Without subsidies solar-powered electricity would likely be cheaper, although fuels such as natural gas will remain key to ensuring a stable power supply, van Lanschot added.

In February 2019 Saudi raised its renewables capacity targets, setting a goal to have a capacity of 27.3 gigawatts (GW) within five years and 58.7 GW in 2030.

The country’s capacity will be just 1.5 GW by the end of 2023, according to a recent GlobalData report. 

“Saudi Arabia offers bare minimum support to the renewables industry,” Attaurrahman Ojindaram Saibasan, a power analyst at GlobalData, said.

“There are no major preferences given to renewable power projects, long approval timelines cause a hindrance, incentives are not encouraging enough to enable adoption, and there are no specific loan programmes that will help development of large-scale renewable projects.

“The policies are also not robust, and implementation of action plans are generally not on time.”

Saudi’s 23 planned renewable projects will have a combined additional capacity of around 10 GW, Fitch Solutions estimates, noting current capacity is about 1.2 GW. 

“The pipeline of projects is still quite minimal compared to what they’re looking for,” van Lanschot said. 

“Most of these projects’ target completion dates are mid-decade and a lot are still going slowly through the development process: getting approval and going to FID (financial investment decision).

“Saudi’s near-term renewables target will definitely not be met, and the long-term target looks unlikely too, but capacity expansion is accelerating – it’s just not fast enough.

“Finding a suitable path for renewables to join the (electricity) grid is a problem.”

Using different parameters, GlobalData estimates Saudi has 2.7 GW of capacity under construction or at the financed stage. 

Even if the country was to build the targeted 58.7 GW by 2030, this would only provide about 20 percent of its electricity, said GlobalData’s Saibasan.

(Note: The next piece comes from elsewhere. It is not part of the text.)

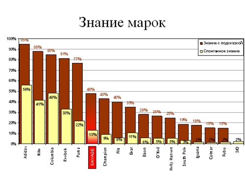 Среди потребителей марки SAVAGE спонтанное знание рекламы составило более 50%.

Saudi would require renewables capacity of 135 GW to hit the 50 percent target, he estimates. 

Saudi had announced a $200 billion, 200 GW solar power project with Japan’s Softbank in 2018 that was slated to be completed by 2030, but the plan was soon abandoned, the Wall Street Journal reported

The initial announcement, although generating global headlines, seems fanciful in retrospect – 200 GW would be nearly one-quarter of 2021 total global solar capacity.

“The country’s history of making unrealistic targets or project announcements have led to low confidence among foreign and local investors alike which has led to slower development of the industry,” Saibasan added. 

“The current rise in energy prices is also a concern for the government which looks to focus on securing supply through domestic fossil fuels rather than making large investments in renewable power.”

More positively, Fitch’s van Lanschot said rising oil prices would spur Saudi to increase crude exports, creating more space for renewables in the kingdom’s domestic power mix.

“The long-term plan is to replace oil in the power sector with renewables,” he said. 

Saudi has expanded its grid interconnection with neighbouring countries, while the European Union is increasingly looking to the Middle East to help replace its reliance on Russian gas to make electricity. Greece and Saudi signed an energy agreement in July. 

“There’s a network emerging of connection projects that might eventually feed into the European grid,” van Lanschot added.

“We think this is part of a wider shift towards Saudi Arabia becoming a larger energy player on the global stage.”